Directions
Among the records that follow, find the line with "Außerdem wurde an" and the line with "Pure Handloom Katan". Set down those lines and all lines between them exactly, without adding anything.

Given data
• • • •
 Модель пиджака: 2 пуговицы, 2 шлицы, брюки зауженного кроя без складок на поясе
• • • •
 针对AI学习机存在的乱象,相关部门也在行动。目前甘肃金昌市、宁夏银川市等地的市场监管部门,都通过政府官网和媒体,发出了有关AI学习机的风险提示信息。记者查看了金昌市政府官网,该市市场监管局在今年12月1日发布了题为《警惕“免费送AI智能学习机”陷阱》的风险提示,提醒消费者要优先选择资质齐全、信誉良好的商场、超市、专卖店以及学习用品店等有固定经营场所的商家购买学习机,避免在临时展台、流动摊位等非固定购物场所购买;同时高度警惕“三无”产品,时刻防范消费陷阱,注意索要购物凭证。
• • • •
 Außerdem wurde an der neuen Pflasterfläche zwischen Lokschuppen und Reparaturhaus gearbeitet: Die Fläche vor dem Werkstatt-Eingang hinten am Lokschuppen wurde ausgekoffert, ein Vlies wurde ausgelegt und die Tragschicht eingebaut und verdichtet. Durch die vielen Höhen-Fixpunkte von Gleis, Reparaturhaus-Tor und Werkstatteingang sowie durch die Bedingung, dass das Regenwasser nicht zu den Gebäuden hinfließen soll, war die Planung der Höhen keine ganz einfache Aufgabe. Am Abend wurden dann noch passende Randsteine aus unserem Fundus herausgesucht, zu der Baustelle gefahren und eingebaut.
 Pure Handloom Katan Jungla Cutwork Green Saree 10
• • • •
Exercise answer
 Außerdem wurde an der neuen Pflasterfläche zwischen Lokschuppen und Reparaturhaus gearbeitet: Die Fläche vor dem Werkstatt-Eingang hinten am Lokschuppen wurde ausgekoffert, ein Vlies wurde ausgelegt und die Tragschicht eingebaut und verdichtet. Durch die vielen Höhen-Fixpunkte von Gleis, Reparaturhaus-Tor und Werkstatteingang sowie durch die Bedingung, dass das Regenwasser nicht zu den Gebäuden hinfließen soll, war die Planung der Höhen keine ganz einfache Aufgabe. Am Abend wurden dann noch passende Randsteine aus unserem Fundus herausgesucht, zu der Baustelle gefahren und eingebaut.
 Pure Handloom Katan Jungla Cutwork Green Saree 10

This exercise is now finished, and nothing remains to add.